Bush: Abortion not discussed with nominee (CNN)

President Bush said Tuesday he has never discussed abortion with White House counsel Harriet Miers, his nominee to fill the Supreme Court seat of Justice Sandra Day O'Connor.

"Not to my recollection have I ever sat down with her [to discuss abortion]," Bush said in his first solo press conference since May. "What I have done is understand the type of person she is and the type of judge she will be."

The president said he has never discussed abortion during any his interviews with his judicial nominees, including Miers.

"There is no litmus test," Bush said. "What matters to me is her judicial philosophy. What does she believe the proper role of the judiciary is relative to the legislative and the executive branch? [...] "I don't want to put somebody on the bench who's this way today and changes," he said. "That's not what I'm interested in.

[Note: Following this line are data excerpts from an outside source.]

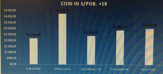 Sin embargo, la casa de juegos de Uspallata no es la de mayor consumo. La supera San Carlos, con un gasto per capita de 4.652,68 pesos por mes.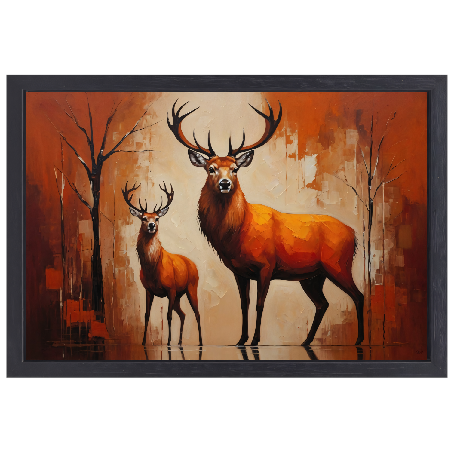 Elegante herten in oranje herfstglorie canvas met baklijst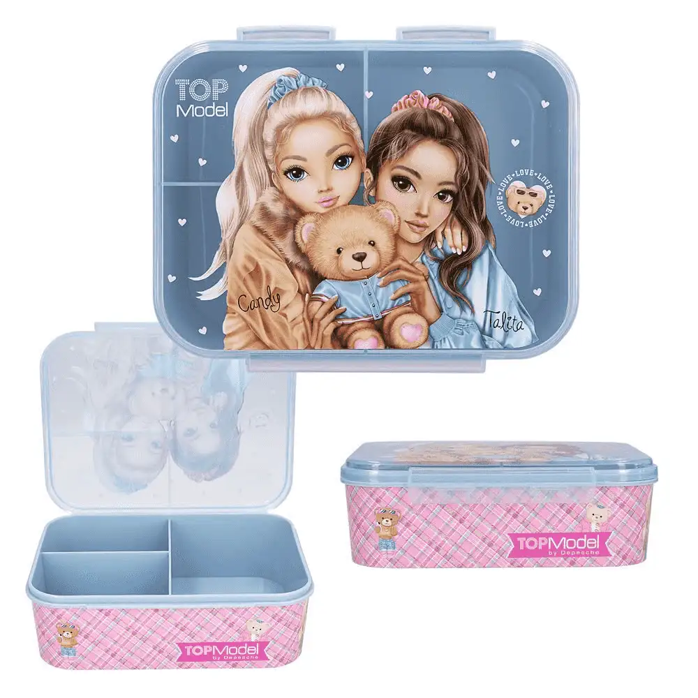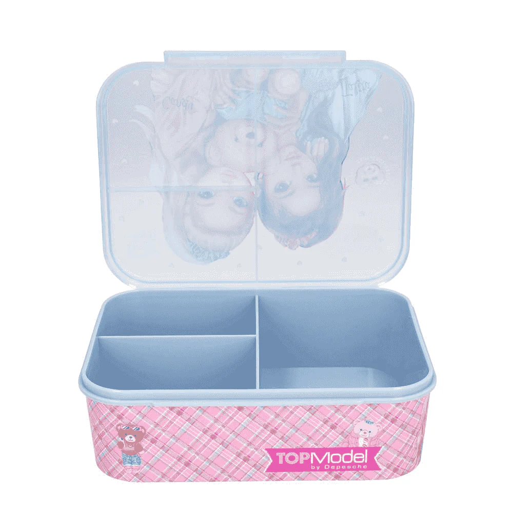 Descripción del producto: Una fiambrera color rosa, tres compartimentos separados, tapa transparente azul, estampado a cuadros tendencia y mucho estilo TOPModel con ositos preciosos. No apta para uso en lavavajillas ni microondas.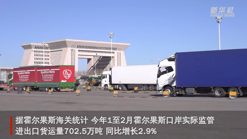 在霍爾果斯口岸,目前每天有上千輛滿載新鮮果蔬、日用百貨的廂式貨車及商品車從這里出境,運(yùn)往哈薩克斯坦、烏茲別克斯坦等共建“一帶一路”國(guó)家。據(jù)霍爾果斯海關(guān)統(tǒng)計(jì),今年1至2月霍爾果斯口岸實(shí)際監(jiān)管進(jìn)出口貨運(yùn)量702.5萬(wàn)噸,同比增長(zhǎng)2.9%。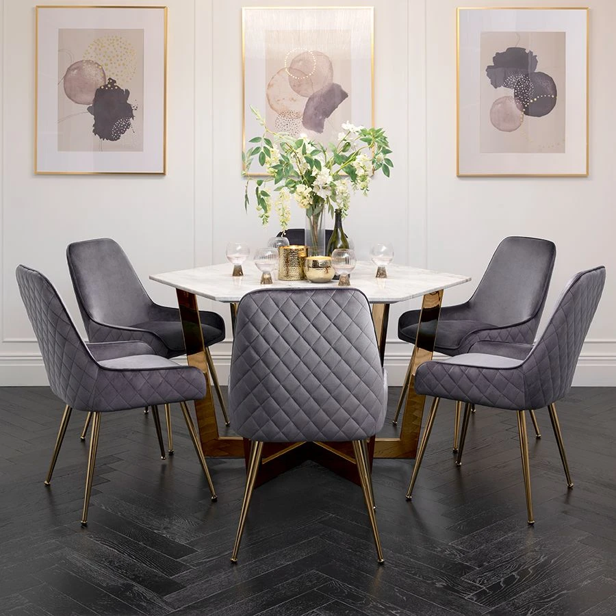 Kronos Brass Dining Table And Six Watson Storm Grey Chairs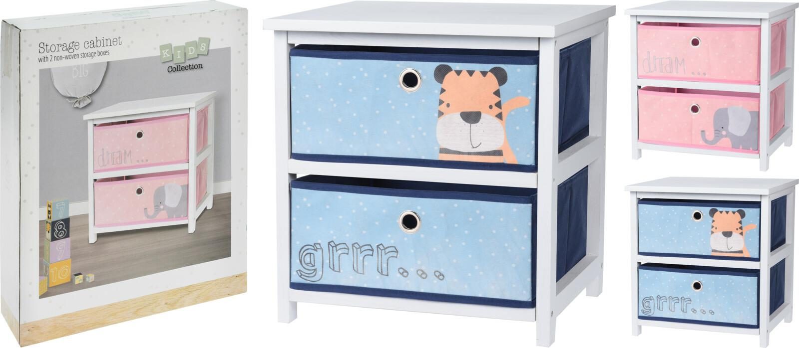 Szafka Oland, wykonana z płyty MDF w białym kolorze wyposażona została w dwie szuflady z tworzywa. Szuflady zostały wykonane ze wzmocnionej tkaniny, która jest łatwa w czyszczeniu. Szafka występuje w trzech kolorach. Szuflady szafki możemy wyjmować i używac jako pudełek na przykłąd na zabawki lub kosmetyki.Wymiary szuflad: 35x30x15 cmTkanina 80g/m2Wymiary opakowania: 35x10x43cm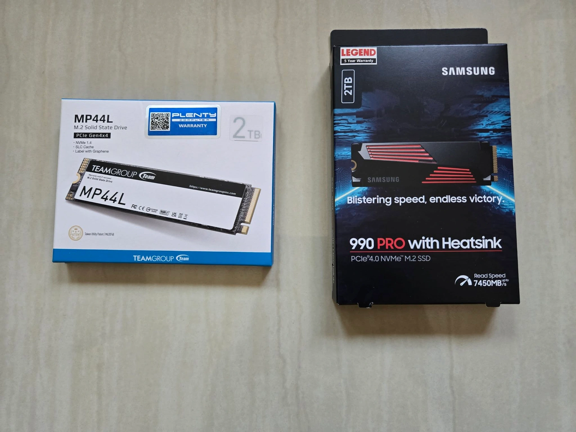 ซ้าย (ของเก่า): Teamgroup MP44L 2TB ราคาสามพันกว่าๆ ขวา (ของใหม่): Samsung 990 Pro 2TB ราคาเจ็ดพันห้า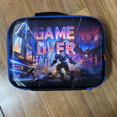- This lunch bag for boys features an epic lenticular 3D "Game Over" design set in a vibrant, neon-lit futuristic cityscape that will captivate any gaming enthusiast.
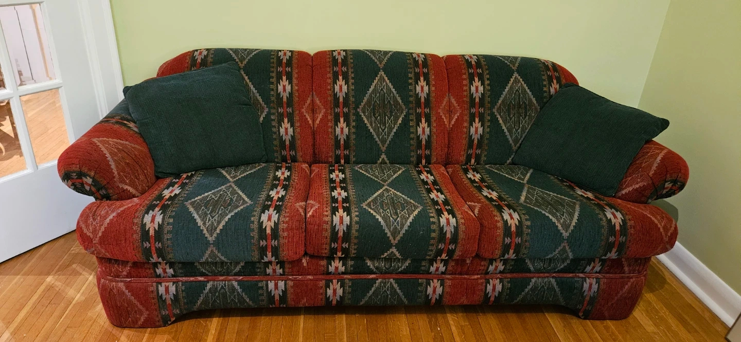 Selling a cozy armchair/loveseat and sofa set with a unique patterned design! The set features a mix of red, green in an eye-catching pattern. Perfect for adding a touch of character to your living space. It's in great condition and ready for a new home!

I'm interested in finding somebody who shares my philosophy today and will have that same philosophy 20 years from now." [...]

... The religious right is going to hate her ... or at least hate many things about her. From that same CNN article:

...From 1989 to 1991, she was a member of the Dallas City Council -- political experience that would be unique among the sitting justices. (Profile)

While serving on the council, Miers gave $150 to Texans for Life, an anti-abortion rights group. But Kyleen Wright, the group's current president, said she is "not convinced" Miers is a committed opponent of abortion rights...

So let me get this straight-ish: she's in favor of gays having civil rights and in favor of appropriate AIDS treatment ... but she doesn't think that gays should actually have the right to have sex without police harrassment, and she's not in favor of the right to choose.

Huh.

... That's an unusual combination of positions, that is. (Although, in some ways, it's very Catholic, pre-current-Benetictine, of course, in the sense that nonpracticing homosexuals -- as long as they weren't priests -- were once upon a time acceptable.) If nothing else it does indicate that she's not quite a doctrinaire conservative. Supporting gay rights in 1989 in Texas was a rather difficult thing to be doing, even in big-city Dallas, even with that peculiar little caveat. Of course, it says nothing about whether or not she still supports such things today. But the fact that she ever supported gay rights will make the Radical Right twitch. And the fact that she may be anti-choice is going to make the Liberal Left twitch. And, assuming that she is a decent politician, she'll be able to evade all questions on those topics, on the very reasonable grounds that she's going to be ruling on those issues and needs to present a clear mind. Being distrusted by the right and disliked by the left likely means that she'll get through on something like a 60-40 vote.